Ja, das würde mich auch noch interessieren:

Siehe: 
http://www.java-forum.org/de/topic55320_eclipse-rap-rwt-qooxdoo.html

Gruß

Mike


----------



## miketech (7. Sep 2007)

Hi,

ich habe gerade im Google Cache das hier von piponline gefunden:

----------
Java Server Faces for Qooxdoo  	 
Feb. 2007: Nach einigen Tests mit Java-Server-Faces sind wir zum dem Ergebnis gekommen, dass eine Anwendung auf dieser Basis eine ehrer schlechte Performance haben wird.

JSF neigt dazu viel zu viel Kommunikation in kleinen Datenblöcken zwischen Client und Server zu produzieren, somit wird die Anwendung mit vielen Dialogelementen sehr,sehr langsam. Bei näheren Tests JSF-basierter Frameworks haben wir dies auch beobachten können (Thinwire, Ajax4JSF,RichFaces,...). Wir werden jetzt einen anderen Ansatz verfolgen und zu gegebener Zeit berichten.

Interaktive Web-Anwendungen die sich im Internet so verhalten als würden sie auf dem Desktop laufen, sind das Ziel der neuen Basistechnologie "Web 2.0". Aus dieser Basistechnologie und aus den Ansprüchen der Softwareentwicklung sind einige neue Paradigmen und Werkzeuge entstanden. Die wohl herausragendste Entwicklung der letzten Zeit ist AJAX (Asynchronous Javascript + XML). Eigentlich haben wir das schon gemacht, aber jetzt hat es einen Namen bekommen.

Ziel ist es, innerhalb der Webseiten bzw. Anwendungen, nicht mehr die ganze Seite neu zu laden, um ein Feldinhalt oder einen Breich zu aktualisieren, sondern nur noch exakt dieses Feld, oder diesen Bereich, zu aktualisieren. Dadurch werden die Webanwendungen wesentlich schneller und erlauben ein ähnlich hohes Maß an Interaktivität wie es die heutigen Desktopanwendungen bieten. Um diese Interaktivität zu erreichen,brauchen wir eine Implementierung im Browser und auf dem Server. 

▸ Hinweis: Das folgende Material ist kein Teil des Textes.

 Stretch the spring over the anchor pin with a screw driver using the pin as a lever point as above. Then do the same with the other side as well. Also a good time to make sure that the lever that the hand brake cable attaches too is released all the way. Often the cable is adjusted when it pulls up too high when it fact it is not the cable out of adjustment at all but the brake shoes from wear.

In diesem Umfeld sind in den letzten Monaten bemerkenswerte Projekte enstanden, eines davon ist ein GUI - Framework(Qooxdoo), das auf JavaScript basiert und durch eine gute Geschwindigkeit beeindruckt. Auf der Seite des Servers setzen wir schon seit Jahren auf Java und Servlet-Technologien, als Implementierung haben wir in allen Projekten bislang das Apache-Projekt Tomcat eingesetzt.

Für neue Projekte kommen jetzt die JavaServer Faces und das Spring - Framework hinzu. 

In einem aktuellen Projekt brauchen wir eine browserbasierte Anwendung mit den neuen Web 2.0 - Technologien. Dabei soll der JAVA-Entwickler auf der Serverseite mit einfachen Java-Objekten arbeiten können. Um das zu realiseren, wollen wir im ersten Schritt die Qooxdoo-Objekte in Java Server Faces kapseln, um so eine einfache API zu erhalten.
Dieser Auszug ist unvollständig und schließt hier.